No Centro Histórico, o vendaval destelhou alguns armazéns do cais do porto. Sem as telhas, a chuva acabou por molhar e danificar mercadorias que estavam armazenadas nos prédios do cais. Na Santa Casa, que já tinha sofrido com estragos por outro temporal no dia 2 de dezembro de 1923, que quebrou os vidros da capela, o temporal do dia 5 há um século causou destelhamentos. Houve danos na lavanderia a vapor, na sala de operações e no depósito de carros fúnebres.
Outro local da cidade que somava prejuízos pela tempestade do dia 2 e teve ainda mais danos com o temporal do dia 5 de dezembro de 1923 foi o Cinema Palácio. A chuva forte alagou a sala de projeção e o palco do cinema, que funcionava na Rua Coronel Genuíno, no Centro da capital.
No que lembra uma cena do filme De Volta para o Futuro, que somente seria lançado no cinema seis décadas depois, um raio atingiu o relógio dos Correios. “Uma das fortes descargas elétricas, que de quando em quando reboavam durante o temporal da madrugada passada, veio acompanhada de uma faísca elétrica que atingiu o mostrador do grande relógio do edifício dos Correios e Telegraphos, quebrando-lhe totalmente o vidro”, destacou o Correio do Povo. “O relógio ficou parado nas 4,10 horas, pelo que se presume tenha sido esta a hora da queda do raio”, complementou o jornal centenário.
Dois “chalés” desabaram com a força do vendaval, informou o Correio do Povo. Um na rua Félix da Cunha, número 203, e outro nos “arrabaldes” do Partenon. Os moradores não tiveram ferimentos.
O navio a vapor Caxias cruzava o Guaíba no momento do temporal e, segundo o jornal, teve grande dificuldade para atracar no porto junto ao Mercado Público. O Correio do Povo noticiou que as louças a bordo chegaram a quebrar porque a embarcação estava “jogando muito” com o vento. Já a carga não sofreu danos.
Quase nenhum bairro da cidade escapou da força do temporal. O Correio do Povo noticiou que paredes, cercas e andaimes vieram abaixo com o vento por toda a capital. Nos bairros São João e Navegantes, muitas ruas “de arrabalde” ficaram tomadas por água. Pontos de alagamentos mais críticos ocorriam na Pernambuco, França, Brasil e Bahia.
“Nos arrabaldes de Teresópolis, Glória, Partenon, Menino Deus, Floresta, Higienópolis, São João, Navegantes, Mont Serrat e Vila Nova, além de muitas cercas, também muito sofreram os vinhedos e arvoredos frutíferos”, narrou o Correio do Povo. Na Venâncio Aires, a fábrica de calçados Martinelli e Adams, teve o seu telhado levantado pelo vento.

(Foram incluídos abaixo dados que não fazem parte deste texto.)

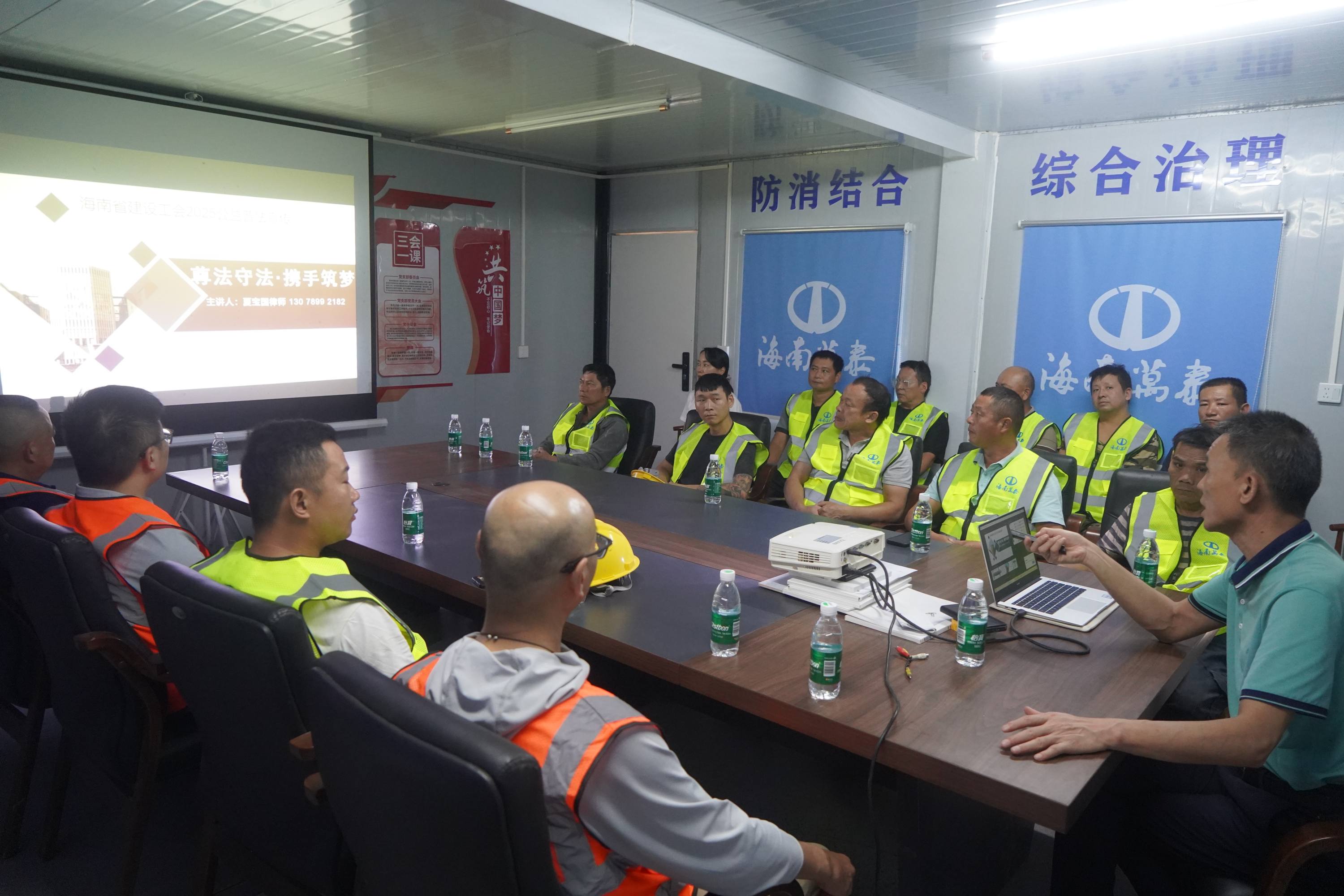 為進一步做好普法宣傳工作,增強基層職工的維權意識,10月20日下午,由海南省建設工會主辦的“送法律講座進企業進工地”活動走進海南萬泰建筑工程有限公司承建的江東新區國際消費精品產業港項目工地現場。近20名項目管理人員及工人代表參與此次普法課堂,活動旨在強化基層職工法律意識與維權能力。

Embora o jornal refira em vários momentos a palavra “furacão”, não foi o que ocorreu em Porto Alegre. Foi um temporal intenso apenas, seja por uma frente fria ou por calor excessivo. À época, em jornais e documentos históricos, com frequência vendavais eram descritos erroneamente como “furacão” ou “tufão” porque não havia a compreensão dos fenômenos que se tem hoje.
Texto de Alexandre Aguia com colaboração de Renato Bohusch do arquivo do Correio do Povo.